AGE OF ENLIGHTENMENT
THE THEORY OF liberty and equality formulated by Rousseau and others was a part of the new “age of reason” of the eighteenth century. It is often referred to as the period of the “enlightenment,” and to many at the time it seemed as if a flood of light had appeared to illuminate all things human with the beams of plain reason. The light shone clear because the darkness of bigotry, the mists of prejudice, and the heavy fog of error and authority were being driven away.

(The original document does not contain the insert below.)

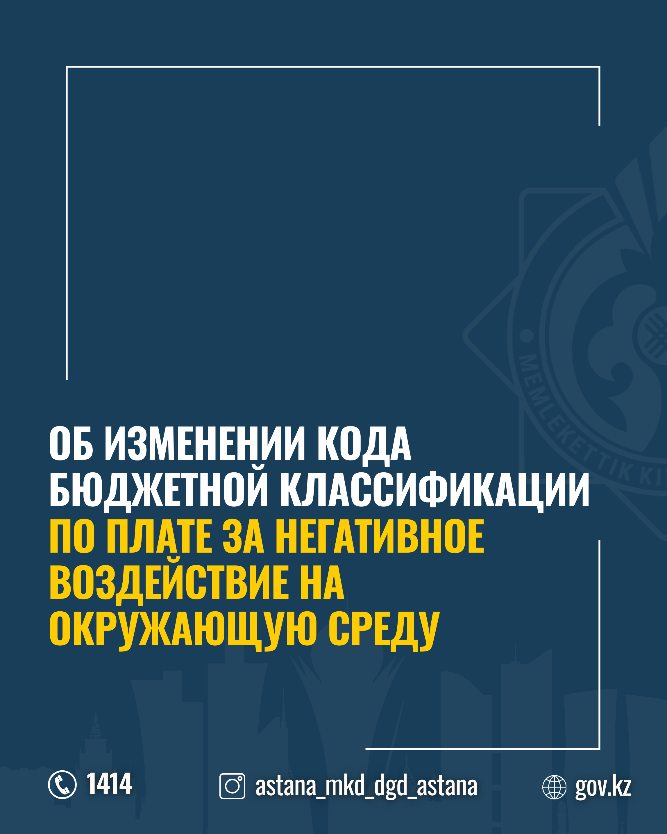 Қоршаған ортаға теріс әсер еткені үшін төлем бойынша бюджеттік сыныптама кодының өзгеруі туралы

Many of us still feel that this is largely true. Theorists tell us that we cannot judge things in a general and abstract way, as the enthusiasts of the enlightenment were apt to do. We must take each case as we find it. Every country and every epoch, they tell us, has its peculiar circumstances, not only of physical surroundings but of institutions which have come down as a part of its history. Social inequalities and hereditary privileges, monarchies and all that went with them, established churches with powers and privileges ... all these things we must accept as we find them as part of a “going concern,” or what the biologists call “an organic life.” We may alter them gradually and helpfully, but always and only at a certain pace, for fear that alteration will spell destruction. We cannot, it is argued, set up one single code of law, one simple framework of rights that will apply to all people in all places. Such things as “slavery” may be proper and even indispensable in certain stages of society. The hereditary rights of the few may aid the salvation of all, and an established church, by its very wealth and power, may be able to maintain offices of piety and pity, to succour the poor, to encourage learning and to do such things as in a rude and cruel age would otherwise pass undone. This view of society is commonly called a historical or relative view. The more some people think of it, the more they find it true, the wider they find its application. The more other people think of it the worse they hate it. It would always seem as if there were here a general division of human minds into two classes. It would appear to justify the jest of the Gilbert and Sullivan opera that “every boy and every gal that’s born into this world alive is either a little Liberal or else a little Conservative.” Most of all have the historical theorists attacked Rousseau’s doctrine of liberty under a social contract. It has indeed long since been declared “exploded,” a favourite process of theorists who fail to drive a thing away by argument. It is of course ridiculous to say that men enter society by a “contract” since we are all born into it without choice. Indeed we have little meaning, singly, without our fellowmen; speech needs ears to hear it; a child implies a parent. Our thought, our very merriment, are things we share with others. Laughter is the happiest of all human emotions, but only a Scotsman cares to have a joke all to himself.
Yet the more utterly we cast out the social contract doctrine, the more it insists on coming back, or at least making its appeal. It is like the Arkansas mule that refuses to die. The truth is that there lies at the basis of the social contract doctrine an insistence on individual rights which is worth keeping if only as a metaphor.